第一联系人：苏兆品（1983—），女，山东菏泽人，副教授，博士，CCF会员，主要研究方向：复杂智能系统、多媒体安全
基金资助:
教育部人文社会科学研究规划基金资助项目(24YJA870011);安徽省重点研究与开发计划项目(202104d07020001);安徽省自然科学基金资助项目(2208085MF166)

Open-set source cell-phone identification method based on feature interaction and representation enhancement

Feng YUE¹^,²^,³, Yang PENG¹^,⁴, Zhaopin SU¹^,²^,⁴(), Guofu ZHANG¹^,³^,⁴, Chensi LIAN³^,⁵, Bo YANG³^,⁵, Zhen FANG¹^,⁴

^1.School of Computer and Information Technology，Hefei University of Technology，Hefei Anhui 230601，China
^2.Intelligent Interconnected Systems Provincial Laboratory of Anhui（Hefei University of Technology），Hefei Anhui 230009 China
^3.Joint Laboratory of Intelligent Prevention and Recognition of Audio and Video （Hefei University of Technology），Hefei Anhui 230009 China
^4.Anhui Provincial Key Laboratory of Industrial Safety and Emergency Technology;（Hefei University of Technology），Hefei Anhui 230009 China
^5.Department of Physical Evidence Identification，Anhui Public Security Department，Hefei Anhui 230009 China

Received:2024-12-26 Revised:2025-01-07 Accepted:2025-01-10 Online:2025-01-15 Published:2025-12-10
Contact: Zhaopin SU
About author:YUE Feng， born in 1981， Ph. D.， associate research fellow. His research interests include swarm intelligence， software engineering.
PENG Yang， born in 1999， M. S. candidate. His research interests include voice print recognition.
ZHANG Guofu， born in 1979， Ph. D.， professor. His research interests include speech security.
LIAN Chensi， born in 1984， M. S.， senior engineer. Her research interests include voice print， synthesis speech identification.
YANG Bo， born in 1985， M. S.， senior engineer. His research interests include voice print， synthesis speech identification.
FANG Zhen， born in 2000， M. S. candidate. His research interests include voice print recognition.
Supported by:
Humanities and Social Sciences Research Planning Fund of the Ministry of Education(24YJA870011);Key Research and Development Program of Anhui Province(202104d07020001);Natural Science Foundation of Anhui Province(2208085MF166)

摘要/Abstract

摘要：

基于手机语音的多媒体取证任务一直都是研究热点，然而已有语音手机识别任务均局限于闭集模式，即训练集与测试集共享相同的类别集合，无法保证未知类别手机的识别精度，所以现有方法无法直接应用于未知手机。为此，提出一种基于特征交互与表示增强的语音手机来源开集识别方法（FireOSCI）。首先，设计基于多头注意力模块Fastformer的全局特征提取模块GlobalBlock，以更好地捕捉整个语音样本的全局信息，获得丰富的设备特征信息；其次，设计基于SE-Res2Block（Squeeze-Excitation Res2Block）的局部特征提取模块LocalBlocks，专注于增强跟手机信息相关的特征，抑制与手机来源识别无关的特征；随后，设计基于注意力机制的特征融合机制，将全局特征和多层局部特征深度融合；最后，设计基于注意力池化的手机来源确认网络，以提高开集模式下的识别准确率。在13个不同手机品牌、86种不同型号的手机语音数据集上的对比实验结果表明，所提方法可以实现未知类别手机的识别，为语音手机来源的开集识别提供可参考的技术方案。

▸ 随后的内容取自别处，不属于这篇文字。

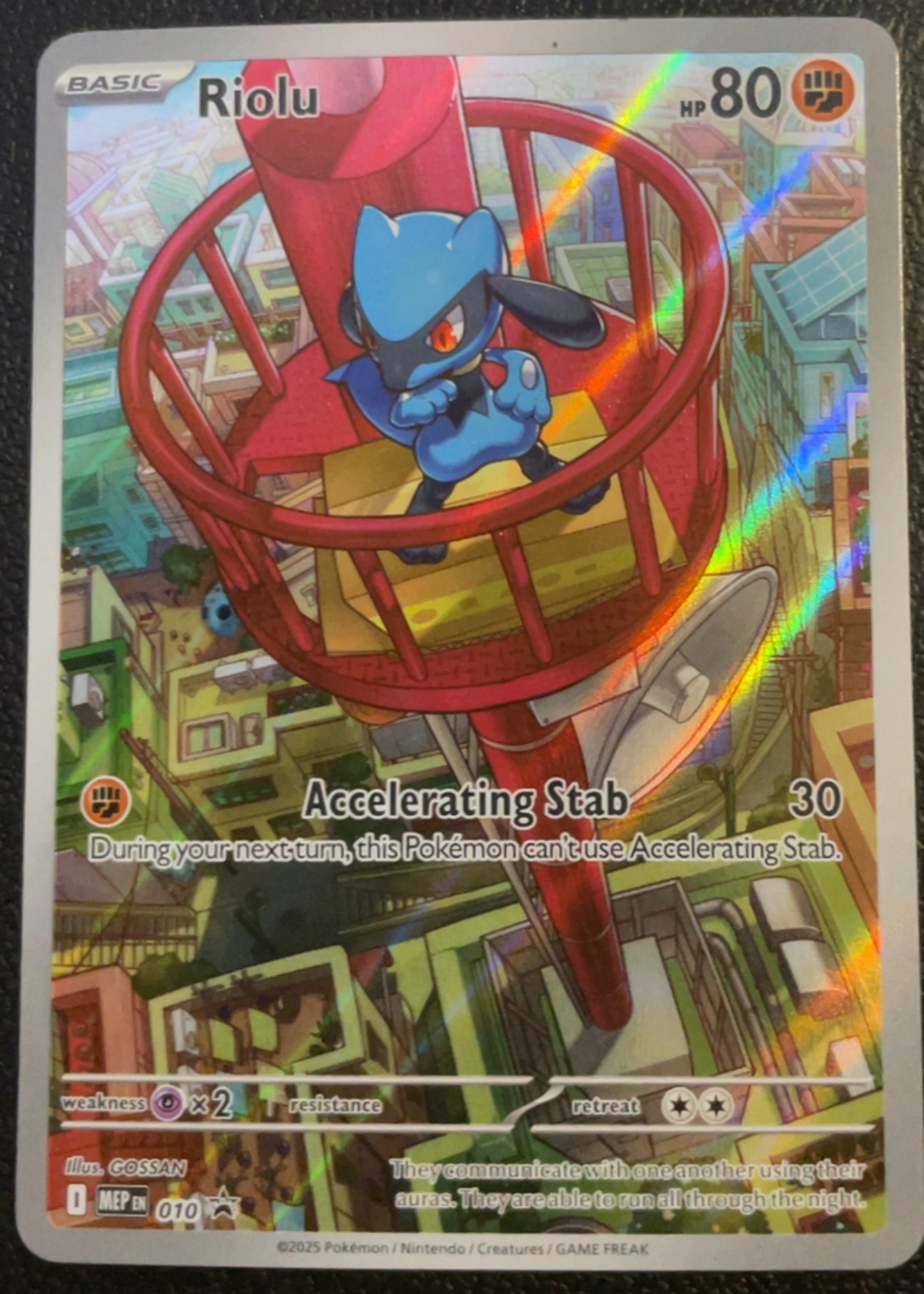 Full-art illustration rare holographic surface looks clean and vibrant. No visible scratching, cloudiness, or wear on the foil. Rainbow prismatic reflection visible and intact.

关键词: 语音手机来源, 开集识别, 特征交互, 表示增强, 深度融合

Abstract:

Multimedia forensics tasks based on cell-phone speech has always been a key research hotspot. However， the existing speech-based cell-phone identification tasks are all confined to the closed-set mode， which means that the training set and the test set share the same category set， which cannot guarantee the recognition accuracy for cell-phones of unknown categories， leading to the difficulty in applications of the existing methods to the unknown cell-phones. Therefore， an Open-set Source Cell-phone Identification method based on Feature interaction and representation enhancement （FireOSCI） was proposed. Firstly， a global information extraction block named GlobalBlock was designed on the basis of the multi-head attention block Fastformer for better capturing the global information from the whole speech sample and obtaining rich device feature information. Secondly， a local feature extraction block named LocalBlocks was presented on the basis of SE-Res2Block （Squeeze-Excitation Res2Block） to focus on enhancing cell-phone information related features and suppressing the features that are not related to the source cell-phone identification. Thirdly， an attention mechanism based feature fusion mechanism was designed to fuse global features with multi-layer local features deeply. Finally， a source cell?phone confirmation network was designed on the basis of attention pooling to improve the recognition accuracy in open-set mode. Comparison experimental results on cell-phone speech dataset with 13 different cell-phone brands and 86 different cell-phone models show that the proposed method can achieve identification of unknown categories of cell-phones， and provide a referable technical solution for the open-set recognition of speech-based source cell-phones.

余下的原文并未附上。